散る花に想う2人の時間

軍には正月も暮れも、勿論盆もない。
ただ直属の部下が日本人ばかりということもあり、ギリアムは彼らに盆休みを与えた。
伊豆基地に着いてここから規定の数日は自由に休暇を過ごして欲しいと言うと、サイカが何か言いたげな顔をしていた。
サイカだけではない。壇も怜次も光次郎も表に出さないだけで同じことを考えているであろうという推測が成り立つ。
彼らの問いの答えは、彼の目の前にある。
有能な部下たちの働きで普段は承認だけで済む書類も、一から十まで、いやその裏に隠されたことまで目を通さなければならない。
それでも全て処理を終わらせるのがギリアムの能力であり、意地であった。
部下が次から安心して休暇を取れないようでは、上官として、彼らをまとめる者として失格だ。
――通信機のコールが鳴る。また新しい仕事かと思えば、発信者は少し意外な人物であった。

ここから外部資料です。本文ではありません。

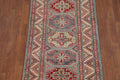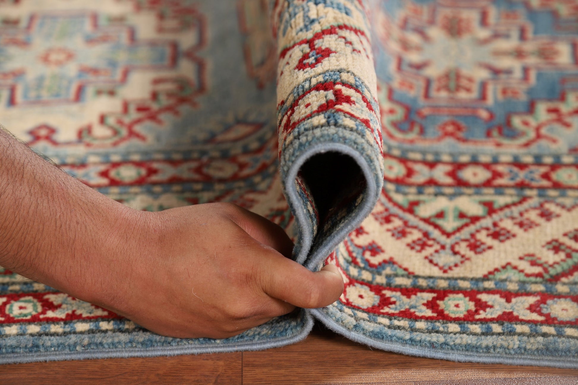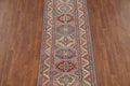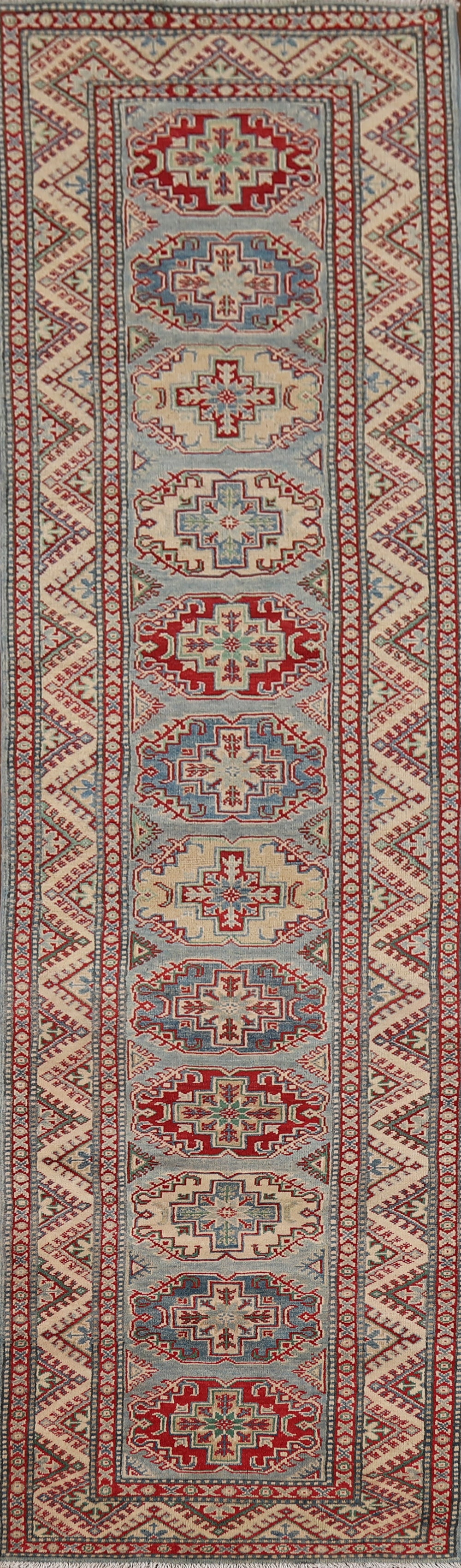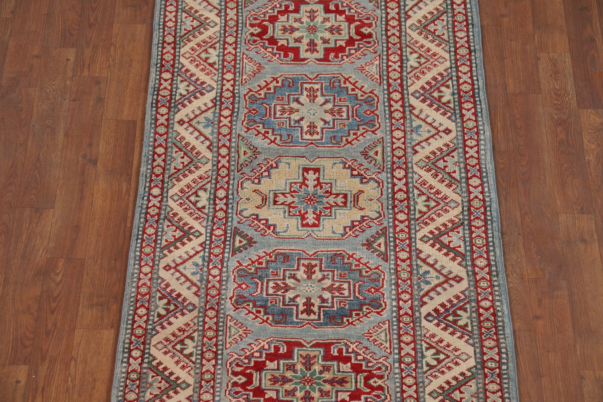 A Beautiful Genuine Pakistan Kazak rug is Hand Knotted by skillful weavers in Pakistan with 100% Wool Material. This rug is in New, First Quality condition. dimensions are 12' 3'' X 2' 9'' in foot and 373 X 84 in centimeter. the primary color is Navy Blue & Blues.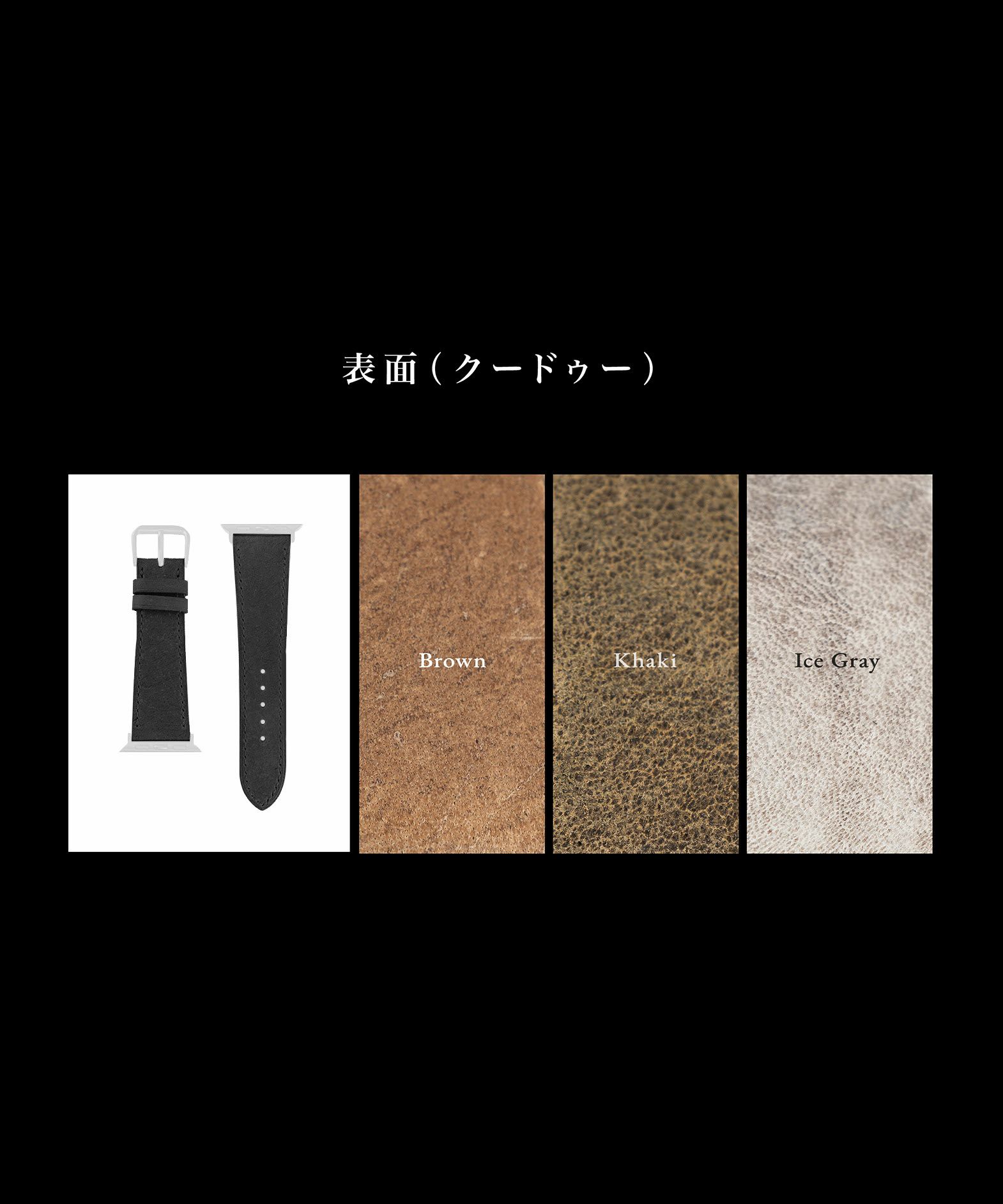 とても丈夫で美しい手縫いの芸術「クチュール・セリエ」で、2.0mmのフラットなフォルムを仕上げた、シックなデザインの時計ベルト。洗練されたアップルウォッチと合わせることで、エレガントな高級感を演出してくれます。また、手首周りサイズを6種類から選択できるとともに、「アダプター & 尾鍵」「アダプター & Dバックル」のいずれかを、Silver/Gold/Black/Rose Goldの4色から選んでオーダーできるのも魅力。さらに、表面の「クードゥー」は3色から、裏面の「ツェルマット」は2色から、それぞれセレクトして、自分らしいカラーリングで腕周りを引き立てられます。

ヴィレッタ・バディム。外部協力者として情報部の面々とも顔馴染みであり、パイロットとしてのギリアムの有能、という言葉では片付けられない仲間だ。
「差し入れを持ってきたの。オフィスの鍵を開けて下さる?」
情報部の抱える情報だけを見ればノーを突きつける要求だが、ギリアム、いや彼だけでなく情報部とヴィレッタには絶対的な信頼がある。
無論ギリアムの権限でそのあたりの追及を有耶無耶にしていることもあるが。
「アヤとマイが買ってきてくれたの。糖分は脳にいいしね」
菓子折りを取り出してヴィレッタが先にひとかじりする。
断る口実を減らそうということなのだろうと推測はするが、悪いようには思わない。
「私も部下に盆休みを与えて雑務以外は暇なところなの。宜しければ手伝わせてくれないかしら」
そう、SRXチームもヴィレッタ以外は日本人または日系人だ。
リュウセイには帰る家もある。ライには参りたい墓もあるだろう。アヤとマイは不明だが、父に直接感謝を伝えるのもアリだと出立前アヤが笑っていた。
謂わばこの状況は二人とも似た試練を負わされている。
手分けして作業すると、一人では得られなかった安らぎがあった。
それが、仕事が軽くなるという安堵だけでないのは、ギリアム自身もよくわかっていた。
「花火大会があるようだぞ。見に行かなくていいのか」
それでも彼女を遠ざけてしまうのは、彼の本能としか言いようがない。
「あんな人混みに一人で行けって? あなたがエスコートしてくれるなら別だけどね」
「俺には仕事があるのでな」
「それなら私にもあなたを補助するという仕事があるので、いかないわ」
沈黙が覆った臨時オフィスに突如火薬の音が鳴り響く。
「それに行かなくても、こうして見られるでしょう?」
「そうだな……美しく儚い。人の生にも似ている」
「でも輝けるだけ素敵だと思うわ、私はね」
また沈黙が2人の間を張り詰めさせ、打ち上げ花火の音だけが空間を支配する。
訪れる『いつか』を予知し或いは推測する2人は、しばらく遠い花火を見やっていた。
「ギリアム少佐、ひとつ言っておくわ」
「何だ?」
「仕事をしている方が気楽だからって、たまには休暇を取った方がいいわよ」
「人のことが言えるのかな、君は。まあ善処しよう」
花火が光る度に2人が影になり、数秒後に音が届く。
2つの影は、一定の距離を保ちながら、それでもそれ以上離れることがなく、その時間を享受していた。